Using the data that follows, output only the lines from the line with "Totem Hokkaido Grey" up to and including the line with "开云手机网页版登录入口创新论", exactly, leaving pictures aside.

*** Opening EXERCISE MATERIALS ***

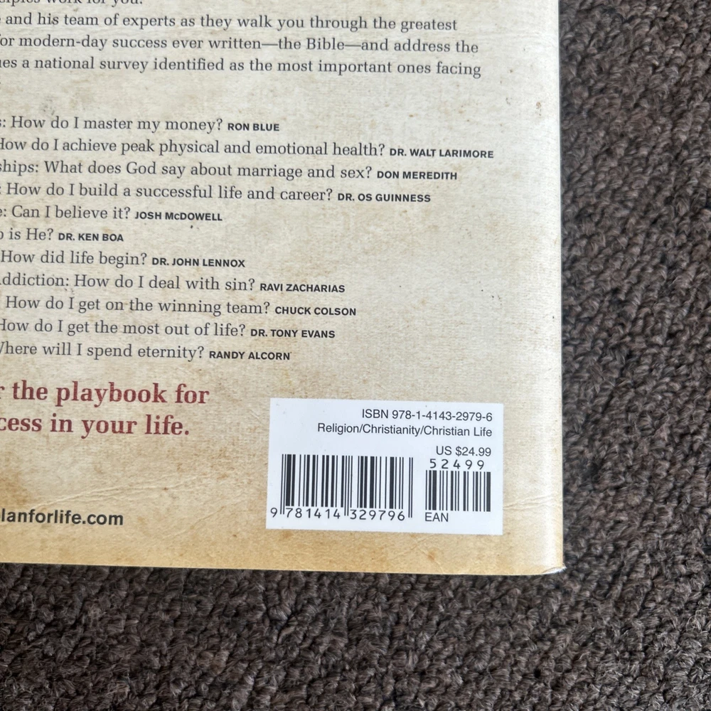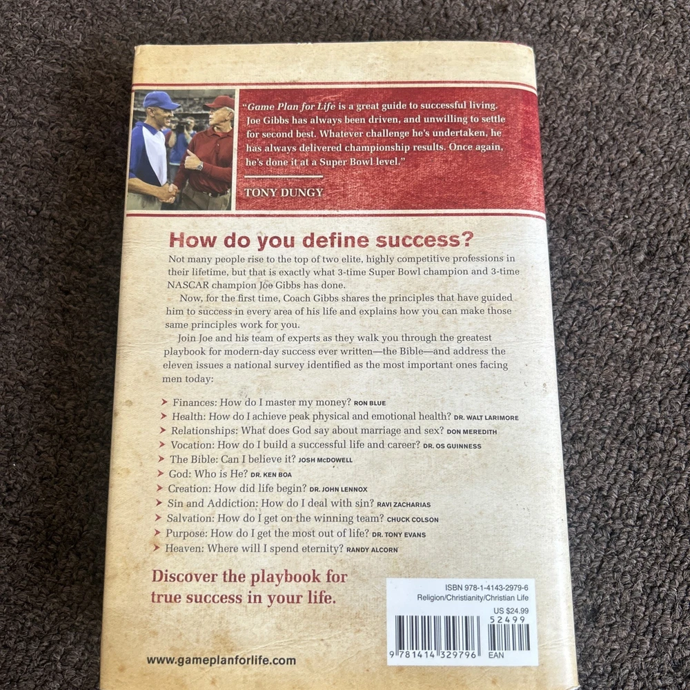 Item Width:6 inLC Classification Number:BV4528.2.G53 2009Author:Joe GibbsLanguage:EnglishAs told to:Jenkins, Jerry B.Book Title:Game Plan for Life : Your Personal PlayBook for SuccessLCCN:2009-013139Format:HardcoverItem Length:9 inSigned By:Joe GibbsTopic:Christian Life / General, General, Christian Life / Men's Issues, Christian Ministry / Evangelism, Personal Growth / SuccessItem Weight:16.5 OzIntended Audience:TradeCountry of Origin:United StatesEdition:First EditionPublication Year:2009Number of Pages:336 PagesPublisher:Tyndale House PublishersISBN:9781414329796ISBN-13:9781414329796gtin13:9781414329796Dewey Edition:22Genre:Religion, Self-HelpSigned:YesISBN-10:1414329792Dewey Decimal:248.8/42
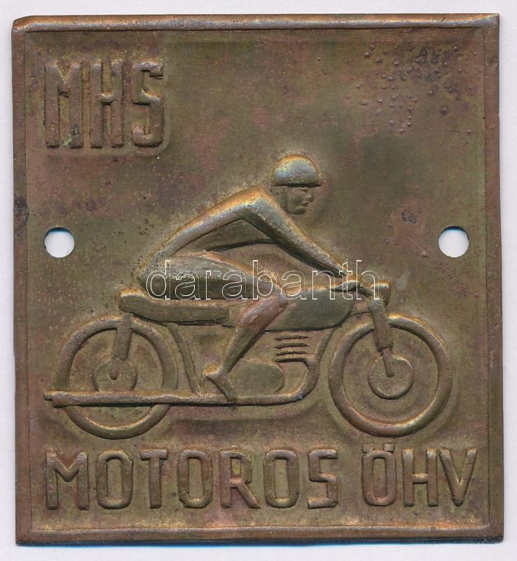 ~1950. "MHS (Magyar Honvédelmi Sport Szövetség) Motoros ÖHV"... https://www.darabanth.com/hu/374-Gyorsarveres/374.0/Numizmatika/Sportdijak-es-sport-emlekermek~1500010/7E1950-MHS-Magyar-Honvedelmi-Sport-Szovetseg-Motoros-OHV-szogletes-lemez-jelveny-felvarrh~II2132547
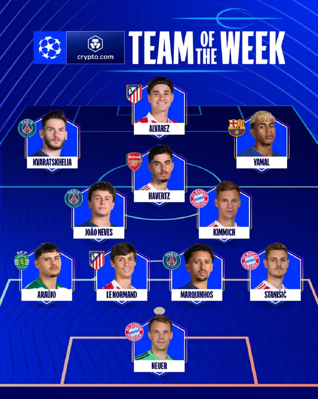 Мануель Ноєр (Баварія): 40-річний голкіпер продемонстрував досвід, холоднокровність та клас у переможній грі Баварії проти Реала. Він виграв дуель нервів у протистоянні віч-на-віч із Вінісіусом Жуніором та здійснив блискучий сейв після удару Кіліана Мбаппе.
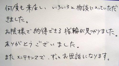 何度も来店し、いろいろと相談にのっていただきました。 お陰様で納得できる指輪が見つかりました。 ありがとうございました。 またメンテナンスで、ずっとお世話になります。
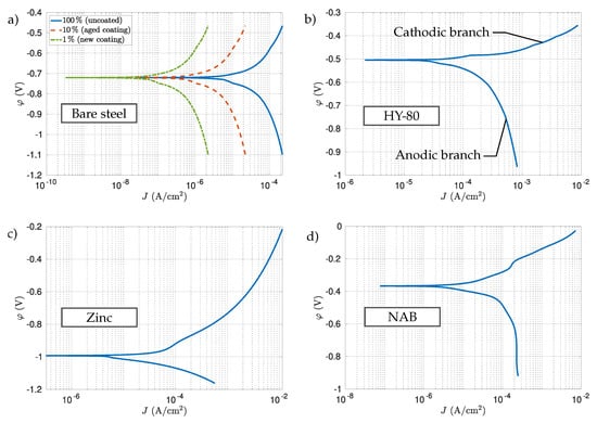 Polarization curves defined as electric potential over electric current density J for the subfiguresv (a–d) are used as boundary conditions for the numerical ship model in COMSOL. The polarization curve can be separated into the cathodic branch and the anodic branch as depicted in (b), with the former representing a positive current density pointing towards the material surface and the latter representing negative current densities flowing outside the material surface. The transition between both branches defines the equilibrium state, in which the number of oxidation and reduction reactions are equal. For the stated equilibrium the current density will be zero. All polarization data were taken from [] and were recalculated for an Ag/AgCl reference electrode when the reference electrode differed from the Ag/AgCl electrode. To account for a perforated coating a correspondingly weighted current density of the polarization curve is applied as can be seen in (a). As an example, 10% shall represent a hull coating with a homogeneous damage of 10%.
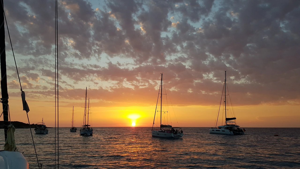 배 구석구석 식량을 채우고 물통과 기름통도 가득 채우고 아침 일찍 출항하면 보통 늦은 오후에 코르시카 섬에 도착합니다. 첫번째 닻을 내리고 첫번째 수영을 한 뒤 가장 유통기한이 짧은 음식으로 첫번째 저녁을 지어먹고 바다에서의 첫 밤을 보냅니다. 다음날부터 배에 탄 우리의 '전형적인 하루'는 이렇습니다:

*** Closing EXERCISE MATERIALS ***
*** Opening EXERCISE MATERIALS ***

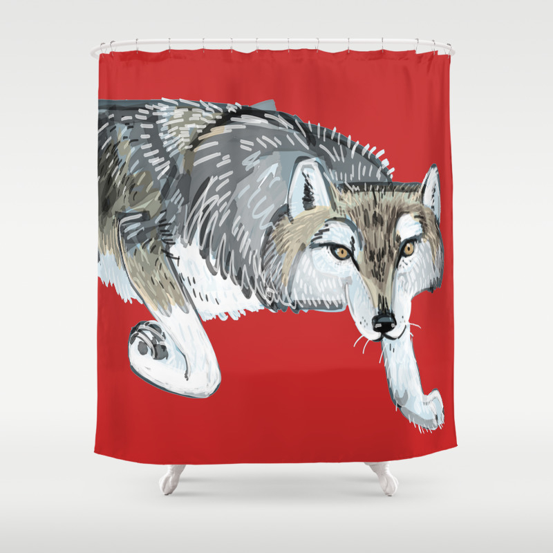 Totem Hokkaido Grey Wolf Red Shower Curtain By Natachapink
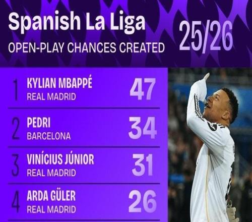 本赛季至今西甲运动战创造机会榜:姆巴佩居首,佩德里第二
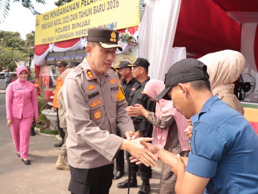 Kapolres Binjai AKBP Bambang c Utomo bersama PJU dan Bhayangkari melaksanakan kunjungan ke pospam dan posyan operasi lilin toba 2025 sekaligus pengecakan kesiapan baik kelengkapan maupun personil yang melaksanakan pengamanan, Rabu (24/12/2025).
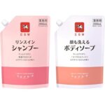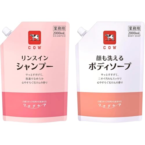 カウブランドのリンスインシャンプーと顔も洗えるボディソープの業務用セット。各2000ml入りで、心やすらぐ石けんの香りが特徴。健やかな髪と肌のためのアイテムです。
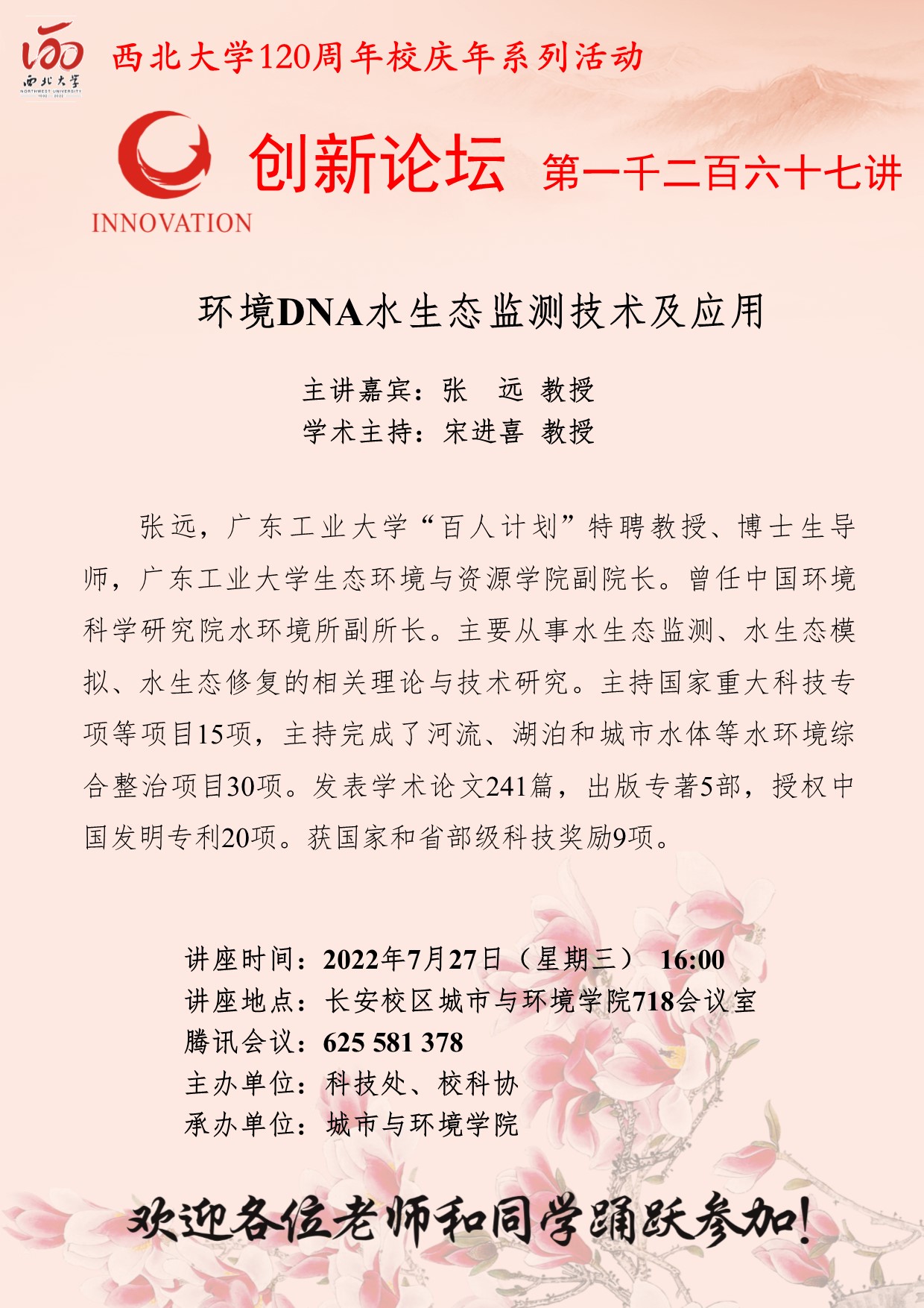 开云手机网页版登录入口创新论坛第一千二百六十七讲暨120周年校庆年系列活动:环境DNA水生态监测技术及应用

*** Closing EXERCISE MATERIALS ***
*** Opening EXERCISE MATERIALS ***

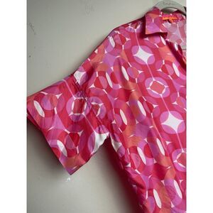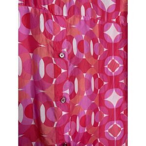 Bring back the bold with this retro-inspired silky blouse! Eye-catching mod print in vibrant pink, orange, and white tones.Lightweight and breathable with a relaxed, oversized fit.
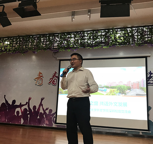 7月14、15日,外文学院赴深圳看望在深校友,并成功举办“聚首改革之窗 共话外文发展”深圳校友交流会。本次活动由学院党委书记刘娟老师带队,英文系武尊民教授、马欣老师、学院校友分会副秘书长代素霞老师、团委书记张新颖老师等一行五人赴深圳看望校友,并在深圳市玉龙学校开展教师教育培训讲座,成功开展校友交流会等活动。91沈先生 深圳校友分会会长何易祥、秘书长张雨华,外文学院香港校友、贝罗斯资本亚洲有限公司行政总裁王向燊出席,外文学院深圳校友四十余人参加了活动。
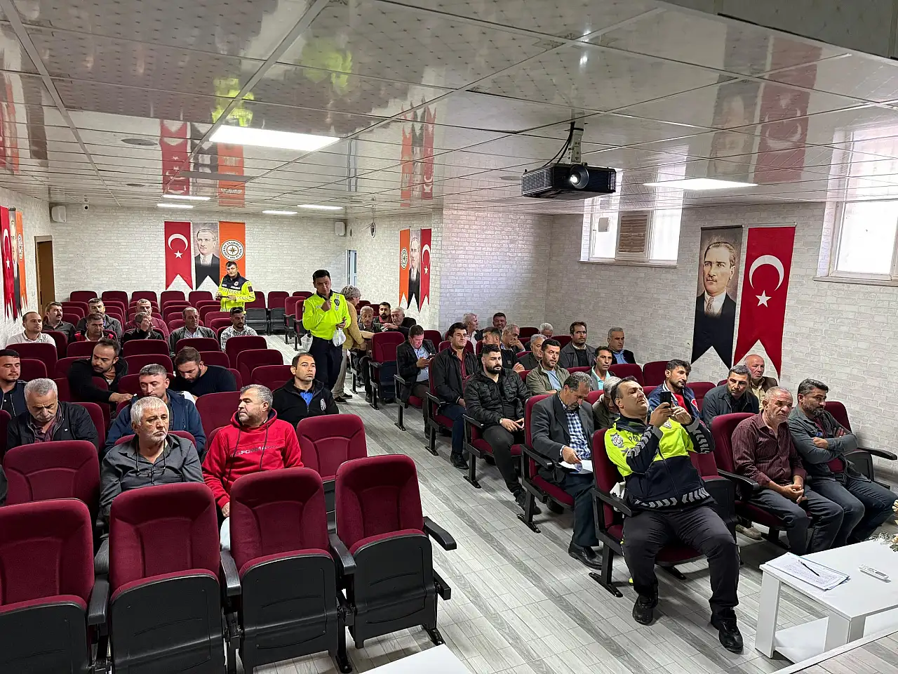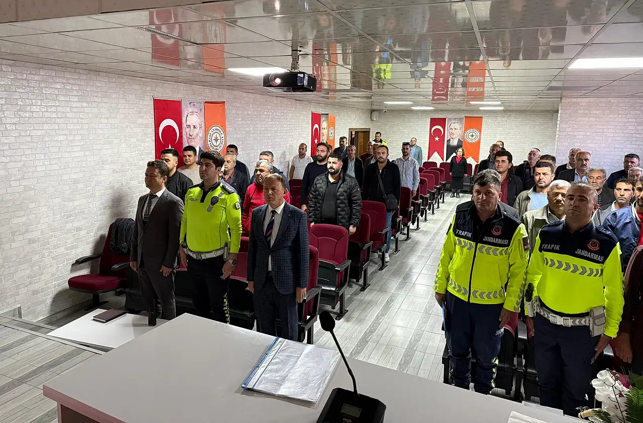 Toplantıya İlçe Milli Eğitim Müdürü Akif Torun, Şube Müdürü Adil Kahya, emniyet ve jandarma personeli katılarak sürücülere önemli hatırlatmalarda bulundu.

*** Closing EXERCISE MATERIALS ***

[SOLUTION FOR THIS PROBLEM]
 Totem Hokkaido Grey Wolf Red Shower Curtain By Natachapink
 本赛季至今西甲运动战创造机会榜:姆巴佩居首,佩德里第二
 Kapolres Binjai AKBP Bambang c Utomo bersama PJU dan Bhayangkari melaksanakan kunjungan ke pospam dan posyan operasi lilin toba 2025 sekaligus pengecakan kesiapan baik kelengkapan maupun personil yang melaksanakan pengamanan, Rabu (24/12/2025).
 カウブランドのリンスインシャンプーと顔も洗えるボディソープの業務用セット。各2000ml入りで、心やすらぐ石けんの香りが特徴。健やかな髪と肌のためのアイテムです。
 开云手机网页版登录入口创新论坛第一千二百六十七讲暨120周年校庆年系列活动:环境DNA水生态监测技术及应用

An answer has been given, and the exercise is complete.